Fulacht fia, Knocknageeha, Co. Cork
Co. Cork |
Settlement Sites
Beneath the conifers at Knocknageeha in north Cork, a low horseshoe-shaped mound sits quietly within a small plantation, its opening facing north-north-west and a stone-lined well just two metres to its north.
The mound measures fourteen metres east to west and eleven metres north to south, rising only about sixty centimetres from the ground. To pass it without knowing what it is would be easy enough, which is part of what makes it worth pausing over.

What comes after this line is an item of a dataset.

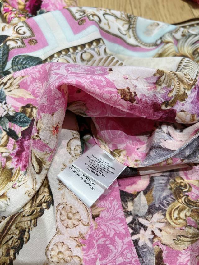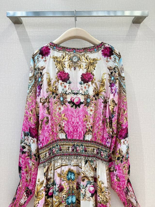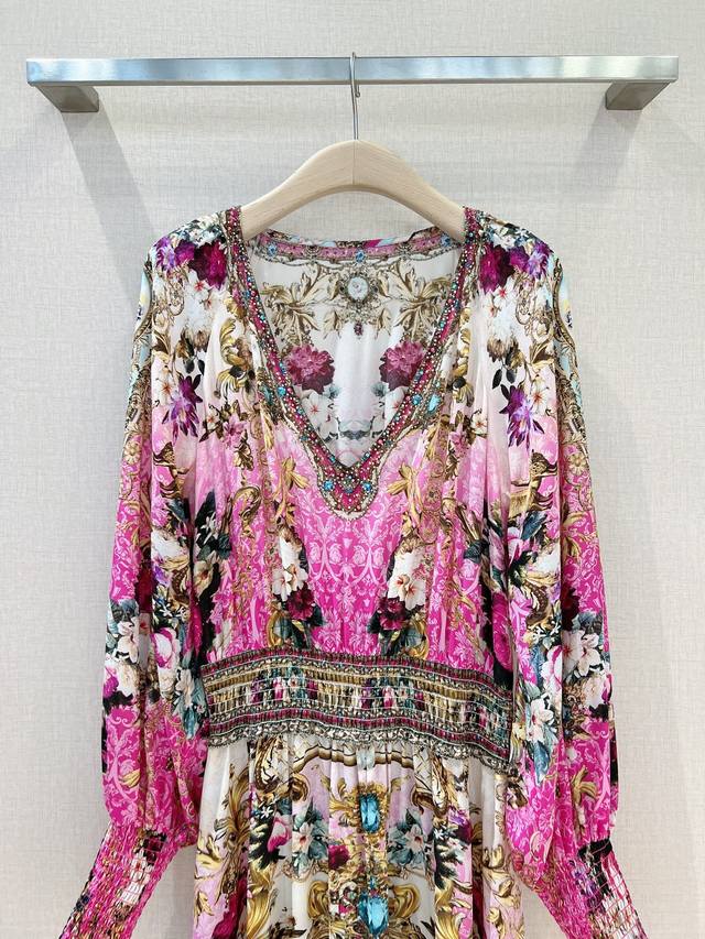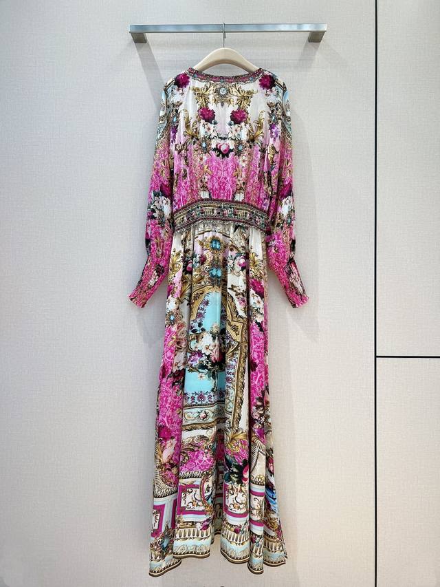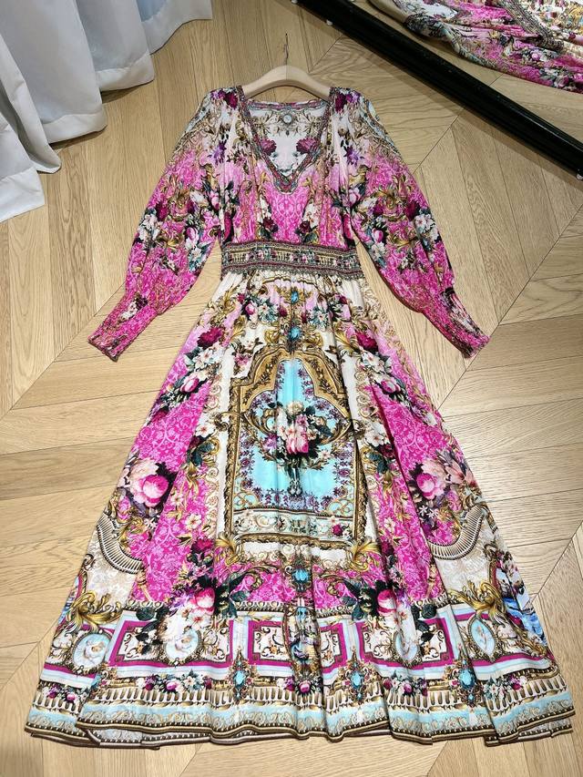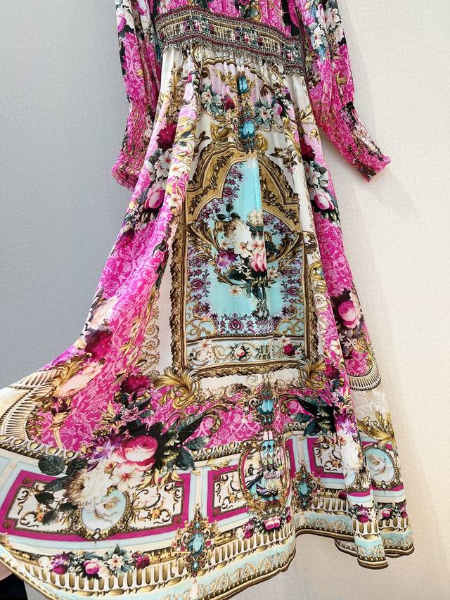 Camill*A Baroque Silk Print Dress DDD French Tea Break Style ~ Classic Baroque pink printed dress, elegant V-neck with custom high-temperature hot-stamped rhinestones, high-waisted elastic waist design, full of aristocratic style ~ 100% heavyweight silk, custom-made exclusive accessories, light and flowing, showing elegant charm with every move ~ DDD Sizes: Smlxl

The site is a fulacht fia, a type of prehistoric cooking place found in considerable numbers across Ireland. The characteristic horseshoe shape is formed from the accumulated debris of repeated use: fire-cracked and blackened stones, discarded after being heated and dropped into a water-filled trough to bring it to the boil. Meat, wrapped in straw or hide, would then be submerged and cooked. The mounds are almost always found near water, which explains the proximity of the well here. This particular site was first formally recorded by Broker in 1937, and the proximity of the stone-lined well suggests the two features may have functioned together, the well providing a reliable water source for whatever activities the trough supported. Fulachtaí fia are generally associated with the Bronze Age, though the term itself is medieval Irish, meaning roughly "cooking place of the wild" or "cooking place of the deer", and it has stuck as the standard archaeological shorthand even if the original meaning is debated.